スタッドレスタイヤはサイズや性能にもよりますが、20,000円〜150,000円まで様々。およそ2〜3年で買い替える方が多いですが、年間の維持費で考えると大きな出費になりますね。

「必要か、不要か」だけではない、車を持つことのメリット

車を持つと行動範囲が一気に広がる!

必要か、不要かという現実的な問題だけで車の所有を考えてしまうのは、もしかしたらちょっと勿体ないかも。

はじめて車を持つと、それまでから行動範囲が一気に広がり、同時に視野も広がります。
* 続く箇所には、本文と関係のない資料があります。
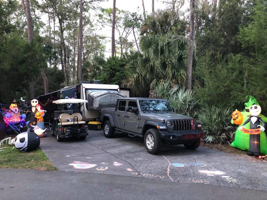 How does the Gladiator handle towing? Johann feels like it tows as well as his Tundra in many ways (with the proper weight distribution hitch). Since it’s a box towing a box, you will feel the wind a little more. Other than that, the power and smoothness were there. He never felt like the V6 was underpowered for his rig (a 5,000-lb. hybrid). He was honestly pretty skeptical going in, but he didn’t have any white-knuckle experiences, even when he hauled the Gladiator to Fort Wilderness (we are doubly jealous of that!).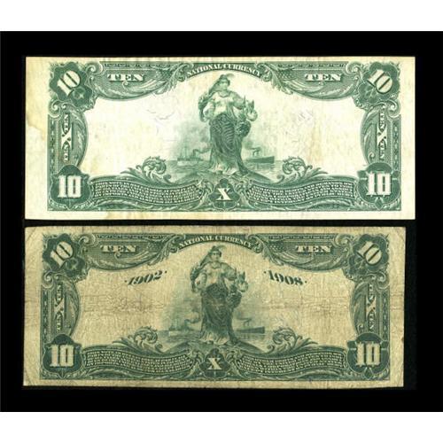 <B>Aurora, IL</B></I> - $10 1902 Date Back Fr. 616 <B>The Aurora NB</B></I> Ch. # 2945<BR><B>Aurora, IL</B></I> - $10 1902 Plain Back Fr. 624 <B>The Aurora NB</B></I> Ch. # 2945<BR> The $10 DB is well circulated grading <B>Fine</B></I> and the $10 PB grades <B>VF/XF</B></I> with a hint of staining.<BR><BR><b>Shipping:</b> Coins & Currency (<a target="_blank" href="http://www.heritageauctions.com/common/shipping.php">view shipping information</a>)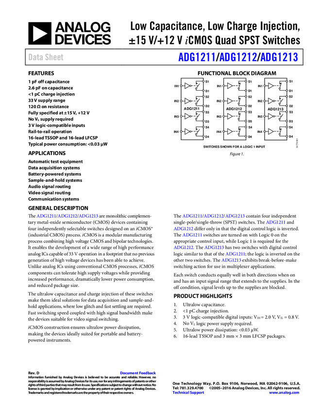 ADG1212 Low Capacitance, Low Charge Injection, ±15 V/+12 V iCMOS Quad SPST Switch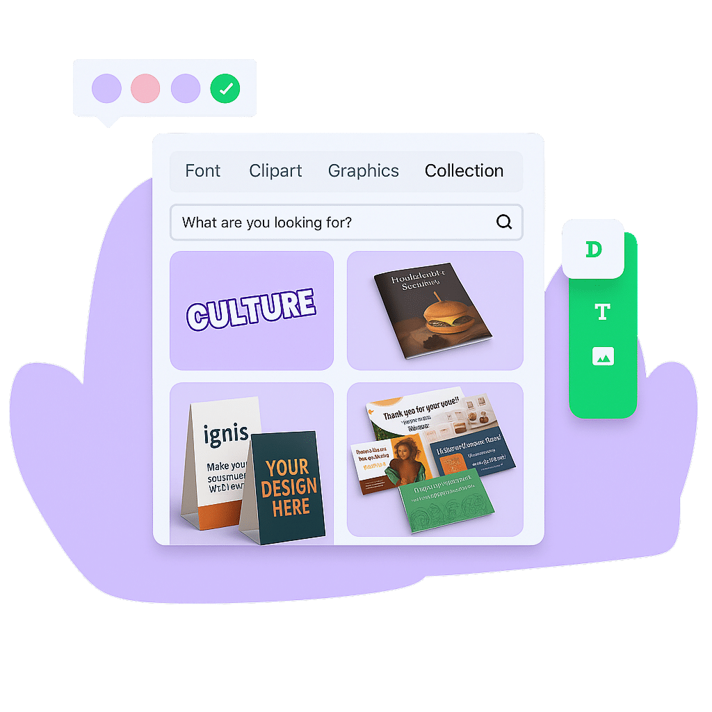 You can customize flyers, brochures, business cards, posters, catalogs, banners, and more.

多くの方にとって、それは自分で思っていた以上の変化のはず。

もちろん、車を所有することは大きな出費が伴いますが、車は生活に大きな変化をもたらしてくれる存在でもありますね。

車を持つと、新しい自分だって見つかるかも

生活圏が広がると、お買い物でもいつものスーパー以外の選択肢が増えて、日用品の買い出しでさえちょっと楽しくなりますね。

ちょっとした気分転換にドライブを楽しんだり、気になるスポットへも「今度の週末に行ってみようかな」と気軽に行ける様になります。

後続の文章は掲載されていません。